The only wildcard that can push gold higher now is a flare-up in geopolitical tensions, according to Streible.

Data to look at

The CPI number from Tuesday in March is forecast to rise to 2.5% year-on-year. In the summer, ING plans to get inflation at almost 4% in light of a stimulating economy.

“Inflation could stay closer to 3% for the next few years and in an environment of strong growth and rapid job creation, this contributes to our feeling that the risks are increasingly skewed after a late 2022 interest rate hike rather than 2024 as the Fed currently favors,” said Knightley.

Other information to be watched next week include U.S. Unemployment Claims, Retail Sales, NY Empire State Manufacturing Index, Philadelphia Fed Manufacturing Index and Industrial Production, all of which will be released Thursday.

The markets will also pay close attention to Friday’s building permits and housing.

Disclaimer: The views expressed in this article are those of the author and may not reflect the views expressed Kitco Metals Inc.

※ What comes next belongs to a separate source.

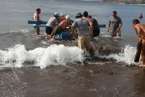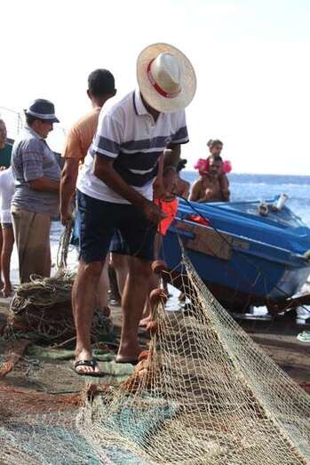 Con arreglo al programa de festejos que se celebran en honor al Santo Cura de Ars y la Virgen del Carmen, tuvo lugar la varada de pescado, desarrollo de cómo se realizaban las faenas de pesca de los marinos de Melenara, labores que mostraron todas las fases de preparación para salir a la mar en aquellas barcas que a golpe de remos, pulmón y timón se hacían con su barca que entre las olas, a veces con malas mareas, se perdían mar adentro en busca del fruto de la mar, en busca de su sustento, en busca del pan de sus vidas, sudor, frío, fuerza, músculo, valor, mucho valor y esperanza de llenar sus redes, y volver con la alegría de quienes en sus redes han puesto el milagro de estas aguas, llenarlas y ofrecer su pescado al público que muchas veces se dejaba llegar hasta estas orillas, hasta los mercados, o a grito limpio y toque de bucio por las calles…….¡pescaito fresco de Melenara!
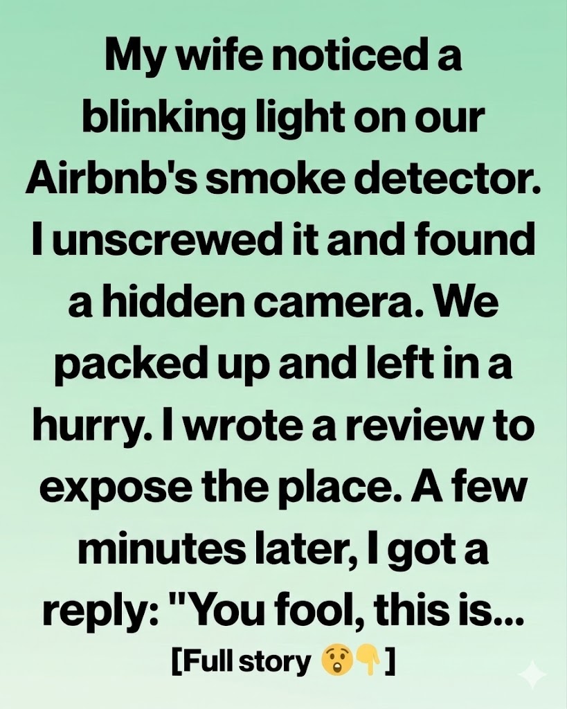 My hands trembled as I opened my laptop. I logged into the rental website and quickly wrote a review, driven by anger and adrenaline. I explained everything: the blinking light, the hidden lens, the fear it caused. I warned people not to stay there.

The author has made every effort to ensure the accuracy of the information provided; however, not Kitco Metals Inc. or the author cannot guarantee such accuracy. This article is for informational purposes only. It is not a request to trade in commodities, securities or other financial instruments. Kitco Metals Inc. and the author of this article does not accept the blame for losses and / or damages resulting from the use of this publication.